┌──
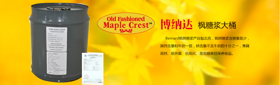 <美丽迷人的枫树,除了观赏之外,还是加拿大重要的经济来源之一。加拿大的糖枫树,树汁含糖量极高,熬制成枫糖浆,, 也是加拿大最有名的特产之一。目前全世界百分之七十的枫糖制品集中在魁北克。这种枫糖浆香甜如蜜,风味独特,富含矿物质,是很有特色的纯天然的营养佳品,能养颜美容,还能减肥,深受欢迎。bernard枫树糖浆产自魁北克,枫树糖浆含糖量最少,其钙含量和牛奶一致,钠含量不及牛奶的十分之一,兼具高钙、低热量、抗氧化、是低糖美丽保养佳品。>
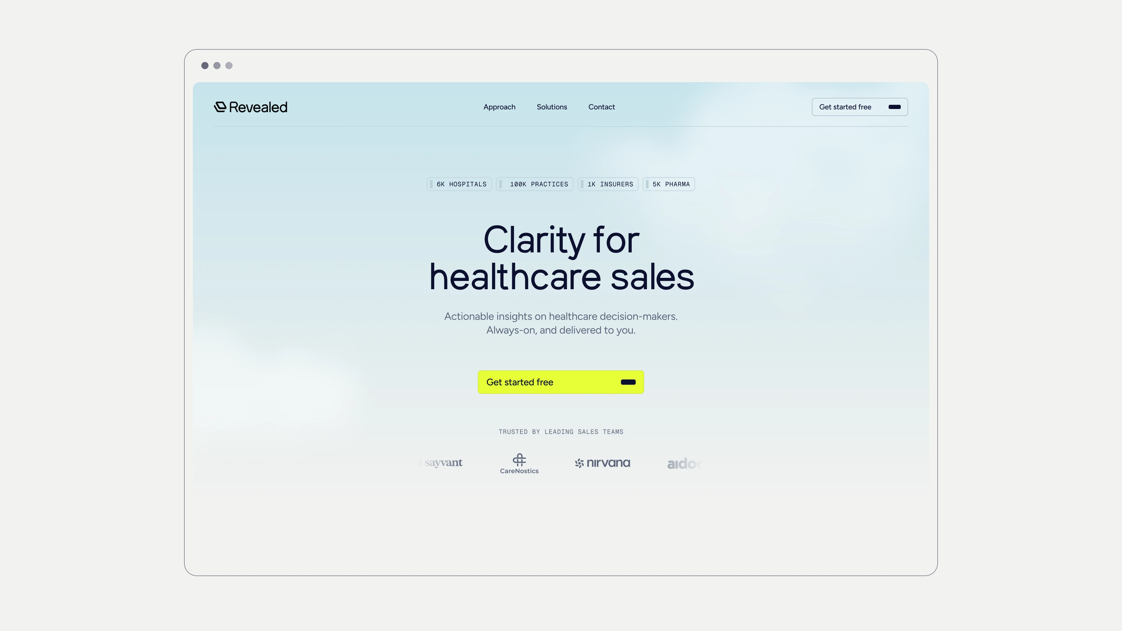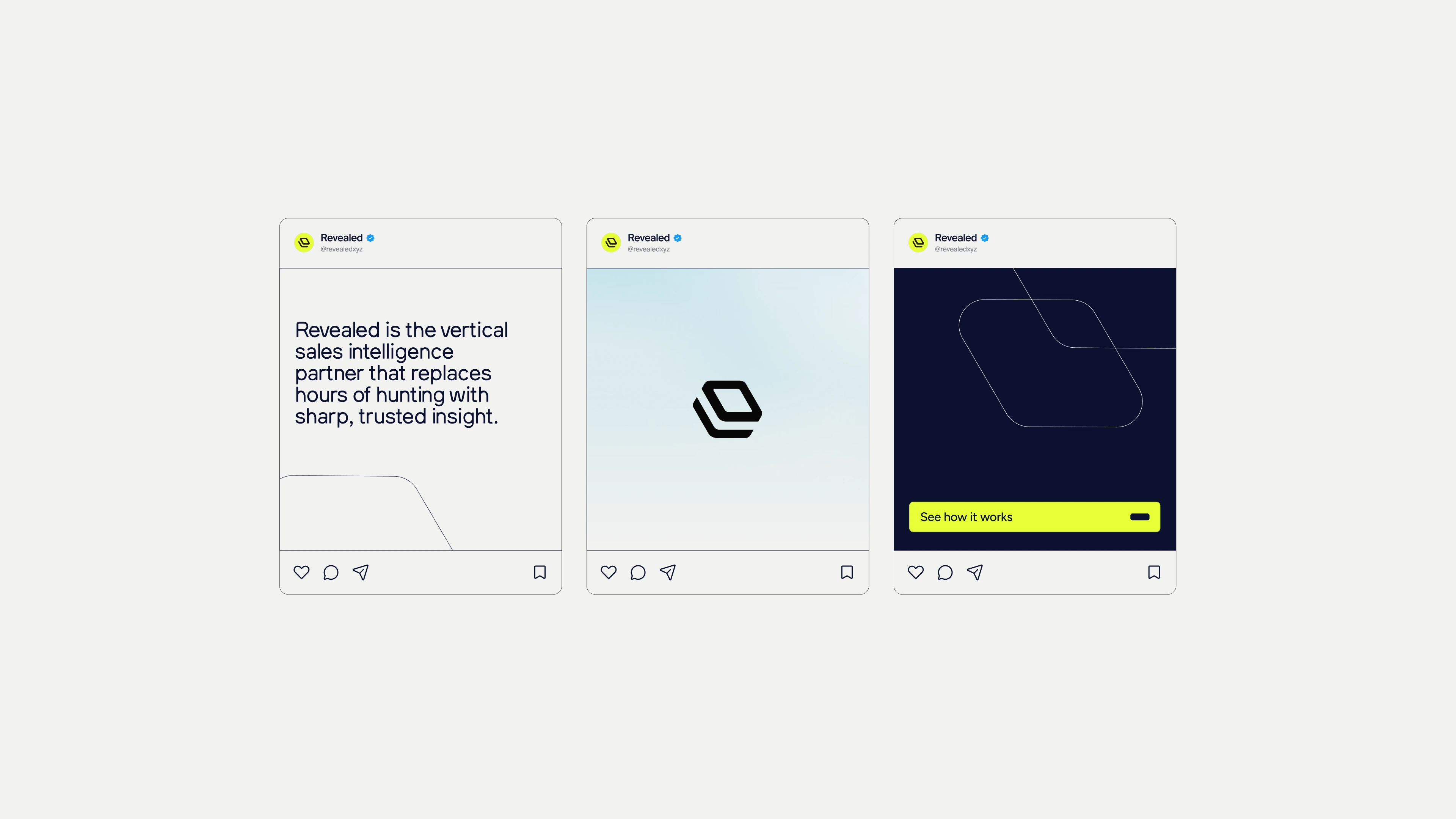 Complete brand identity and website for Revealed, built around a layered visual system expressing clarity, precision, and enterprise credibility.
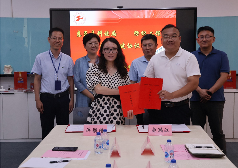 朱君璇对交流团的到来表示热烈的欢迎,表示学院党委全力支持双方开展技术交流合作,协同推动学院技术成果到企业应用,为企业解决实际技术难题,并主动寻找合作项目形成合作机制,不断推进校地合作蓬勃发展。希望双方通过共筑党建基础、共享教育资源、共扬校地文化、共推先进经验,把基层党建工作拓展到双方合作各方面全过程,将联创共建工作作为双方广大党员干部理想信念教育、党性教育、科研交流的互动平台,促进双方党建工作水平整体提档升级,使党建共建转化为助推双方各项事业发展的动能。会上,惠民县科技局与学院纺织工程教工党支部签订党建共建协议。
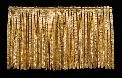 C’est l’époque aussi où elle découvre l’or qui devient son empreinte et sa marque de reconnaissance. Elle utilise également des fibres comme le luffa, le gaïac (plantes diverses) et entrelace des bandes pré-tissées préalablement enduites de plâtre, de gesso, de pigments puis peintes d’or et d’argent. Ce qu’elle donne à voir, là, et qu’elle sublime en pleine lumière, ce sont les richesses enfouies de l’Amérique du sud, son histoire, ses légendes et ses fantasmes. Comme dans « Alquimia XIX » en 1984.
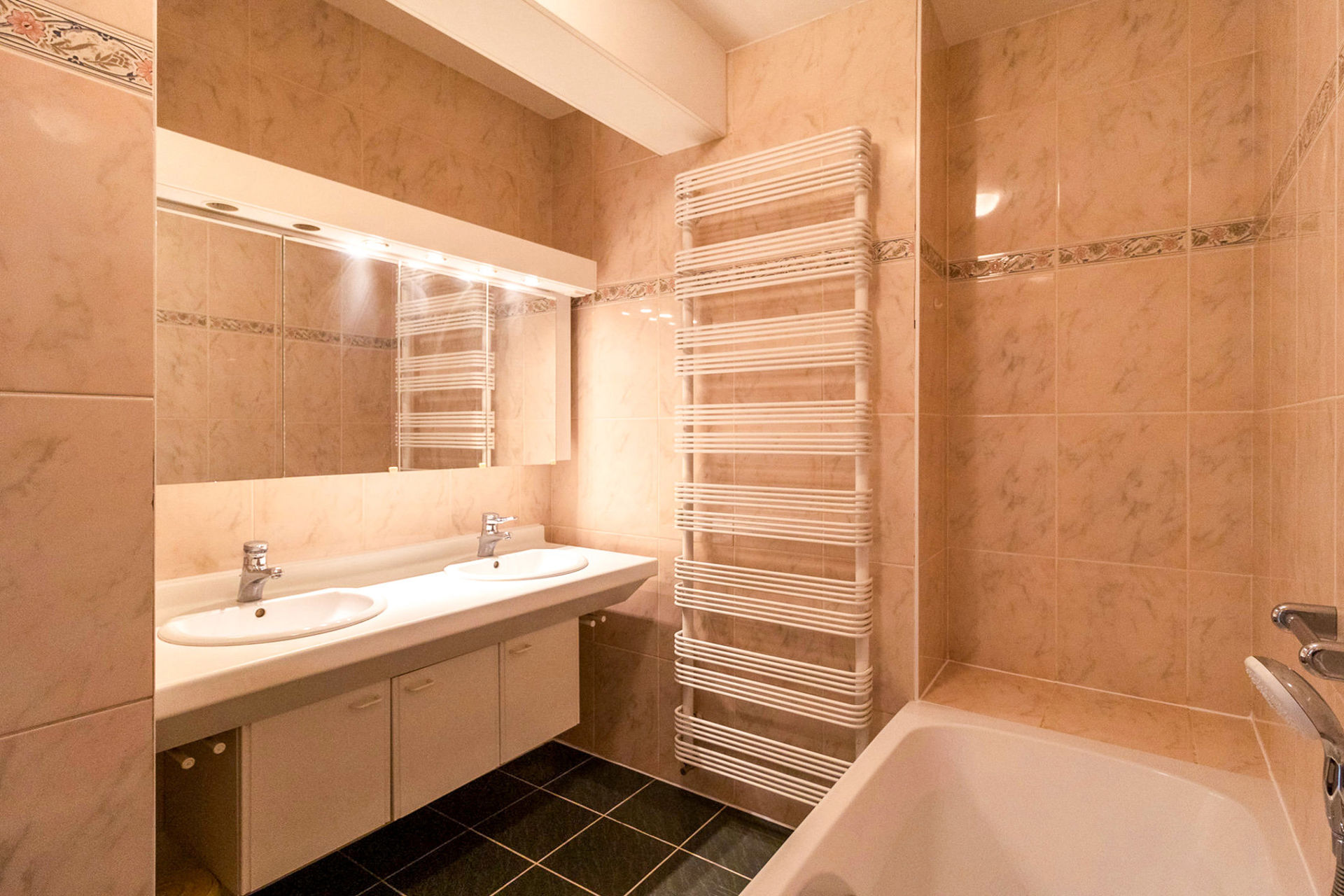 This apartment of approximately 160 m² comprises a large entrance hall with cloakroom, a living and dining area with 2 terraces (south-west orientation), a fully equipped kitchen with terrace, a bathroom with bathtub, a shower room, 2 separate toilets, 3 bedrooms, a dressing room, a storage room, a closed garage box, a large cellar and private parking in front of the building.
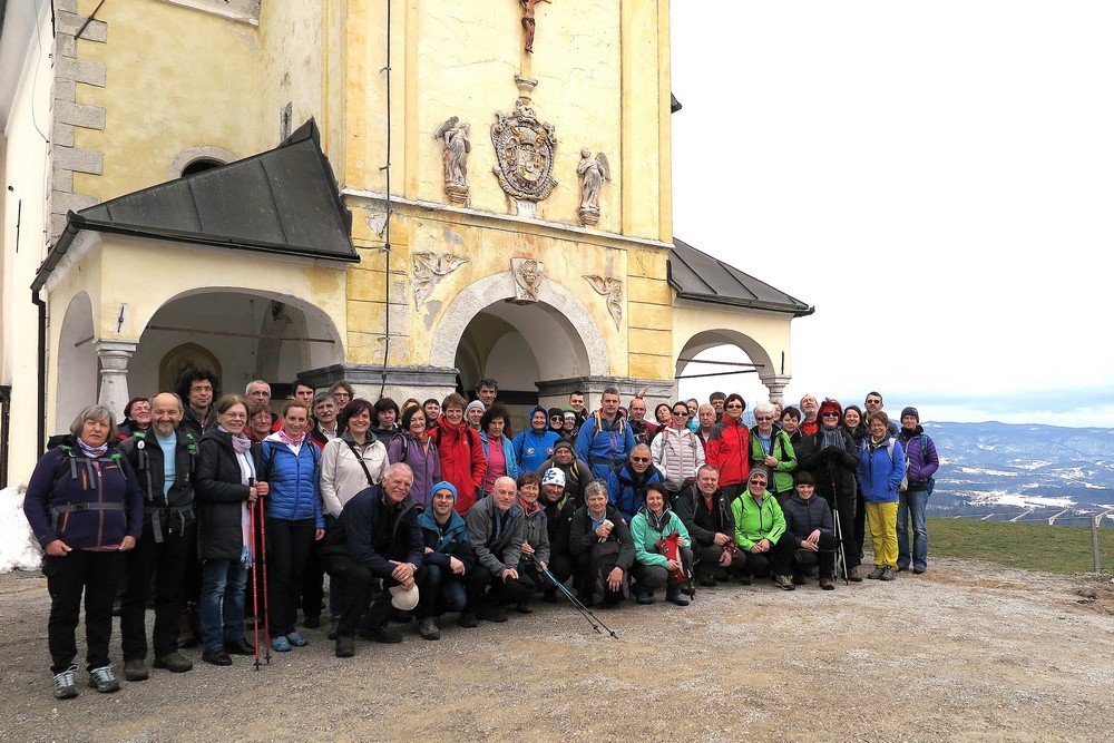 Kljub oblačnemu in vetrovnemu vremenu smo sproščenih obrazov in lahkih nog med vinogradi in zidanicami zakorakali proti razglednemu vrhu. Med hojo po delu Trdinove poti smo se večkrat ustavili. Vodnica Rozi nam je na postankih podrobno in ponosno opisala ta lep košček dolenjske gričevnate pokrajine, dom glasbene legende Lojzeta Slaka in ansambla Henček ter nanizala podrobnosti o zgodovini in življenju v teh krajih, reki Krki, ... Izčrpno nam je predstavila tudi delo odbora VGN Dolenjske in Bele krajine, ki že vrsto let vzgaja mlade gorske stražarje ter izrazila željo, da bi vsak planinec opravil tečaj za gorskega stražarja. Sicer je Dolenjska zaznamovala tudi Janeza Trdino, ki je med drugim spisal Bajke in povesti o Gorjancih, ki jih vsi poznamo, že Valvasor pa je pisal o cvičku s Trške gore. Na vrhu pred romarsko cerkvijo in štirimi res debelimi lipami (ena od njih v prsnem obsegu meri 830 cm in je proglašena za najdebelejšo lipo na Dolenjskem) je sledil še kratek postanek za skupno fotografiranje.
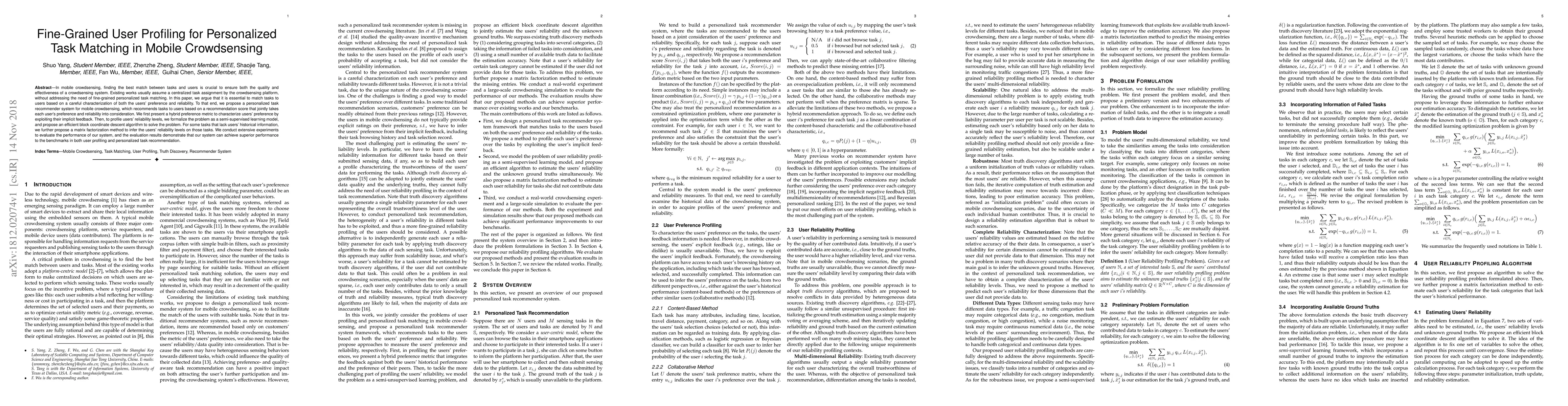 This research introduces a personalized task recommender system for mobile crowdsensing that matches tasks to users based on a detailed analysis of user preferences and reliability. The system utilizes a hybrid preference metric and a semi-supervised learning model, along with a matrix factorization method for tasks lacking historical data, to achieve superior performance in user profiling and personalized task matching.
└──
§ Work to complete: Repeat the listing above up to and including the line with "This apartment of", starting from its first line. Drop any pictures.

§ Task result:
 <美丽迷人的枫树,除了观赏之外,还是加拿大重要的经济来源之一。加拿大的糖枫树,树汁含糖量极高,熬制成枫糖浆,, 也是加拿大最有名的特产之一。目前全世界百分之七十的枫糖制品集中在魁北克。这种枫糖浆香甜如蜜,风味独特,富含矿物质,是很有特色的纯天然的营养佳品,能养颜美容,还能减肥,深受欢迎。bernard枫树糖浆产自魁北克,枫树糖浆含糖量最少,其钙含量和牛奶一致,钠含量不及牛奶的十分之一,兼具高钙、低热量、抗氧化、是低糖美丽保养佳品。>
 Complete brand identity and website for Revealed, built around a layered visual system expressing clarity, precision, and enterprise credibility.
 朱君璇对交流团的到来表示热烈的欢迎,表示学院党委全力支持双方开展技术交流合作,协同推动学院技术成果到企业应用,为企业解决实际技术难题,并主动寻找合作项目形成合作机制,不断推进校地合作蓬勃发展。希望双方通过共筑党建基础、共享教育资源、共扬校地文化、共推先进经验,把基层党建工作拓展到双方合作各方面全过程,将联创共建工作作为双方广大党员干部理想信念教育、党性教育、科研交流的互动平台,促进双方党建工作水平整体提档升级,使党建共建转化为助推双方各项事业发展的动能。会上,惠民县科技局与学院纺织工程教工党支部签订党建共建协议。
 C’est l’époque aussi où elle découvre l’or qui devient son empreinte et sa marque de reconnaissance. Elle utilise également des fibres comme le luffa, le gaïac (plantes diverses) et entrelace des bandes pré-tissées préalablement enduites de plâtre, de gesso, de pigments puis peintes d’or et d’argent. Ce qu’elle donne à voir, là, et qu’elle sublime en pleine lumière, ce sont les richesses enfouies de l’Amérique du sud, son histoire, ses légendes et ses fantasmes. Comme dans « Alquimia XIX » en 1984.
 This apartment of approximately 160 m² comprises a large entrance hall with cloakroom, a living and dining area with 2 terraces (south-west orientation), a fully equipped kitchen with terrace, a bathroom with bathtub, a shower room, 2 separate toilets, 3 bedrooms, a dressing room, a storage room, a closed garage box, a large cellar and private parking in front of the building.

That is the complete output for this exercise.